* **Your task**:
The required output is the lines below from the line containing "- Anschließend abfüllen" to the line containing "The Eos ceiling", inclusive, retyped exactly. No other lines belong in it.

* **Provided data**:
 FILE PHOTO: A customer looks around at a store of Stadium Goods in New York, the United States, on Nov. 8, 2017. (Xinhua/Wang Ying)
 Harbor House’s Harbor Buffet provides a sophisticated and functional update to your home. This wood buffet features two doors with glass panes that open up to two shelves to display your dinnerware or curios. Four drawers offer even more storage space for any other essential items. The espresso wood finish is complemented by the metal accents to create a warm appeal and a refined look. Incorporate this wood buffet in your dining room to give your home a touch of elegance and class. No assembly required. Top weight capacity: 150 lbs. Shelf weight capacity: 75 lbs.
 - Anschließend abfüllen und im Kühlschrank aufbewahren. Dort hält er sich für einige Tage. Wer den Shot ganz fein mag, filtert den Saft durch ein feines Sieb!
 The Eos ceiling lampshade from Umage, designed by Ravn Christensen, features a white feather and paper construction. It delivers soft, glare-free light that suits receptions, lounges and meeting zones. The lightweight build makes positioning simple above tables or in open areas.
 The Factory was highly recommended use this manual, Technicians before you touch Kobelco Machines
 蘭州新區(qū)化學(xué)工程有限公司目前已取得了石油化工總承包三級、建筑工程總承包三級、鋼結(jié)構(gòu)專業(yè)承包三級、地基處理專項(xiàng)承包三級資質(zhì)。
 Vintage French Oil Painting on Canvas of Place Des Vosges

---

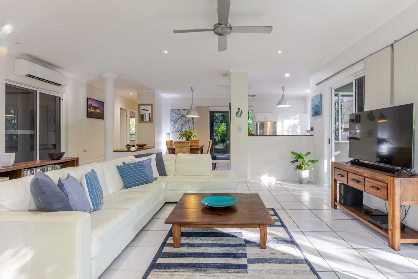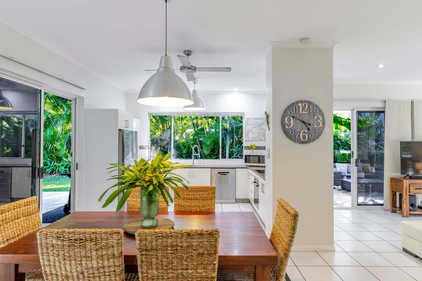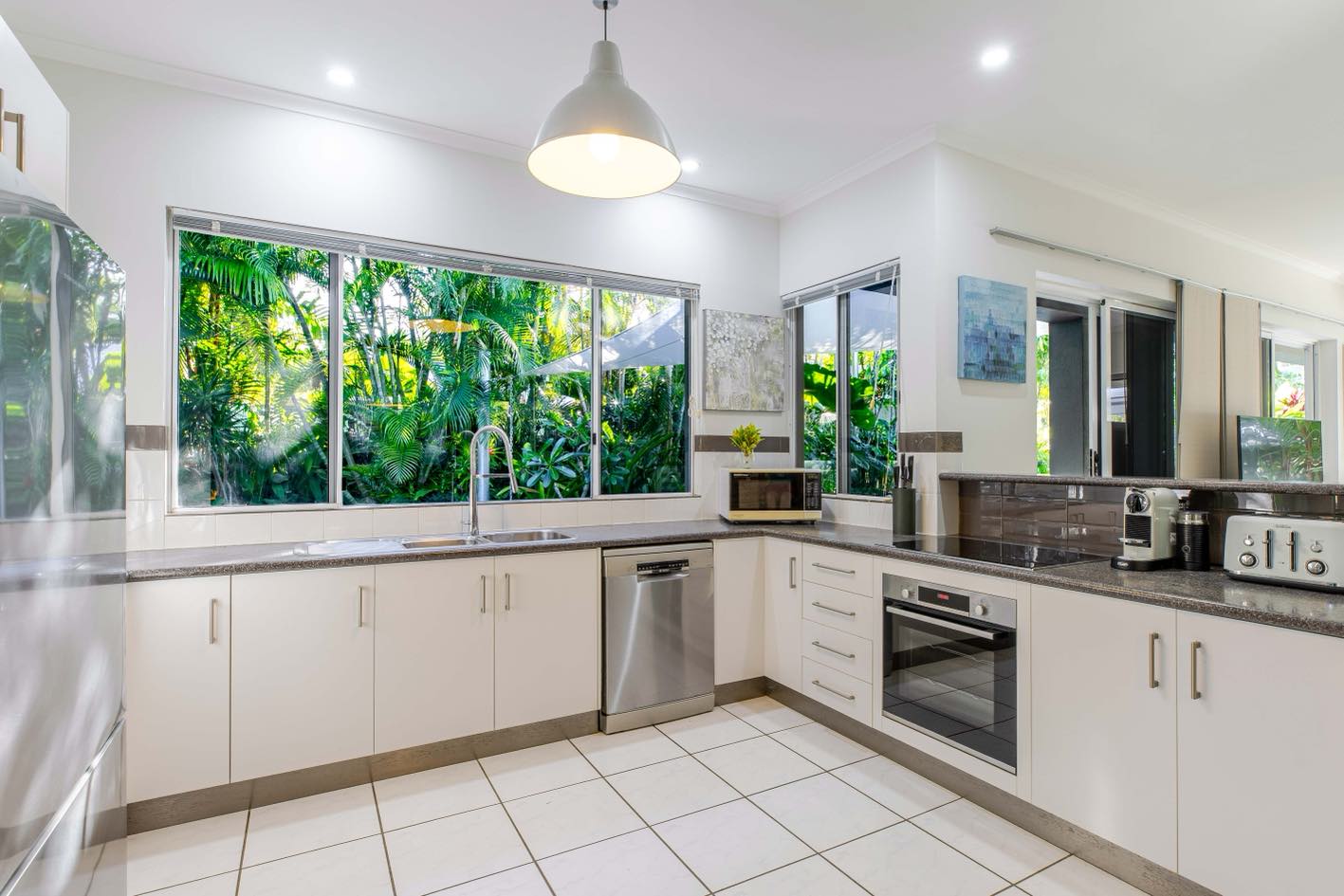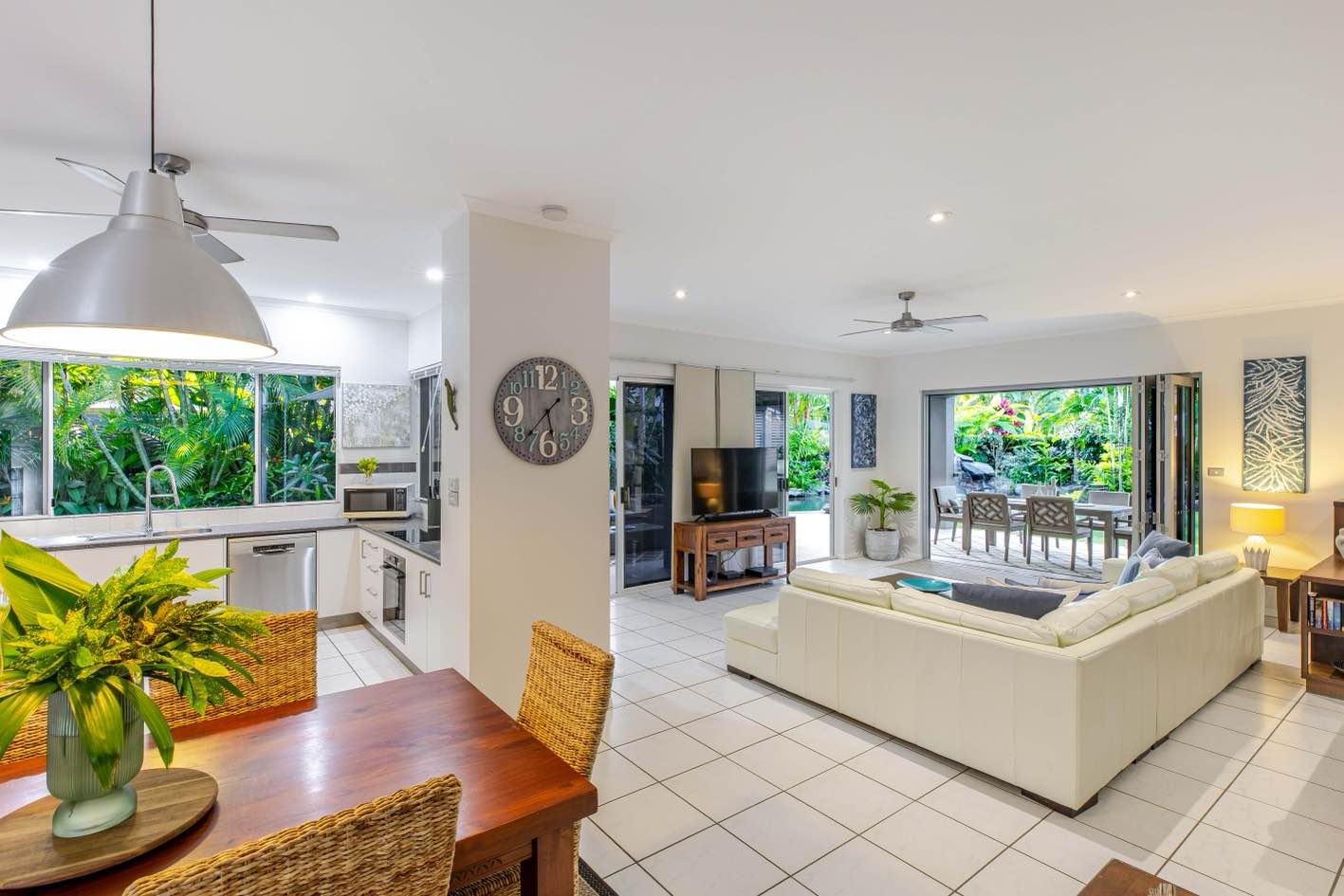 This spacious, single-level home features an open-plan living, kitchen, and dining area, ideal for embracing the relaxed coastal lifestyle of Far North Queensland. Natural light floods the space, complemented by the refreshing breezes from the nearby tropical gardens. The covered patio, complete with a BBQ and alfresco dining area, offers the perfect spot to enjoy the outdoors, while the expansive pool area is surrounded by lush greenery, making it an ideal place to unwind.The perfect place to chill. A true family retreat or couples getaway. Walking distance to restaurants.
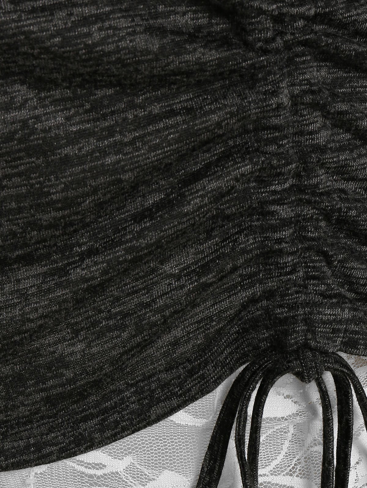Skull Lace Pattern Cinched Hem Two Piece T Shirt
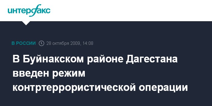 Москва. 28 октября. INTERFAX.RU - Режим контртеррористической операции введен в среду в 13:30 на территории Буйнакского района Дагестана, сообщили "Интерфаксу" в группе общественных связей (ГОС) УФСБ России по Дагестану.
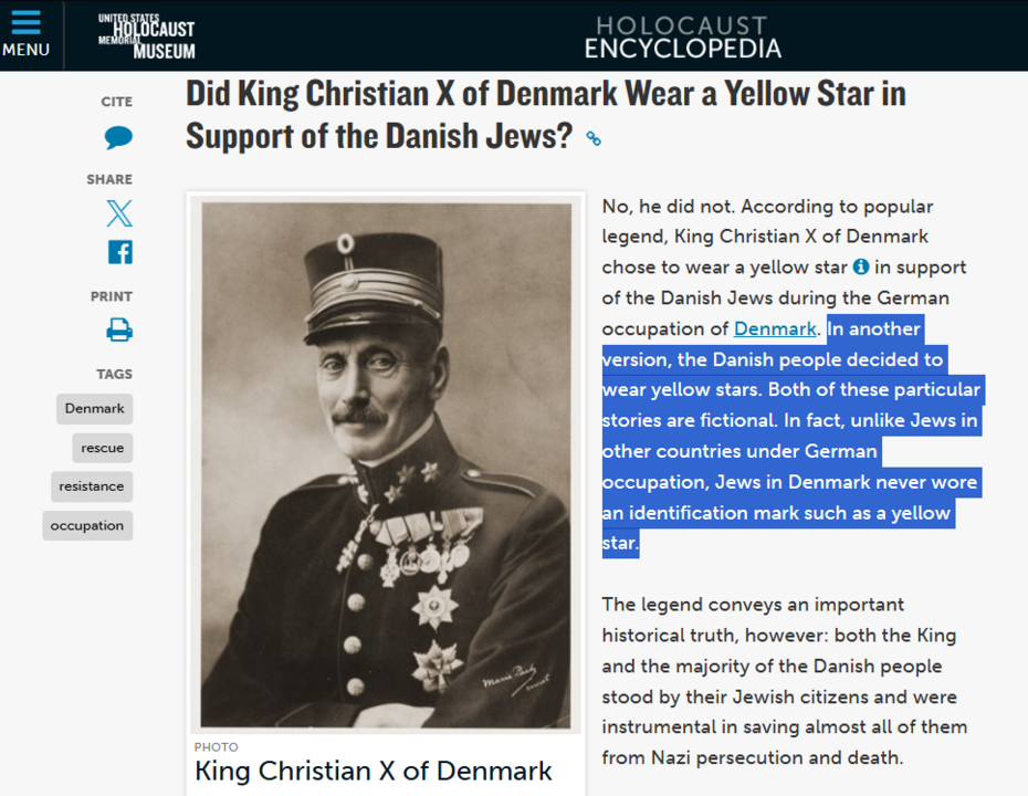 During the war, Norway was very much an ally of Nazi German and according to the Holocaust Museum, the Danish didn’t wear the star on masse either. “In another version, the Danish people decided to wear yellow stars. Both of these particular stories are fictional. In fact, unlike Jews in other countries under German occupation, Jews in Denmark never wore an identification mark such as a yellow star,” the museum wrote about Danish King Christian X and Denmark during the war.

* **Solution for this problem**:
 - Anschließend abfüllen und im Kühlschrank aufbewahren. Dort hält er sich für einige Tage. Wer den Shot ganz fein mag, filtert den Saft durch ein feines Sieb!
 The Eos ceiling lampshade from Umage, designed by Ravn Christensen, features a white feather and paper construction. It delivers soft, glare-free light that suits receptions, lounges and meeting zones. The lightweight build makes positioning simple above tables or in open areas.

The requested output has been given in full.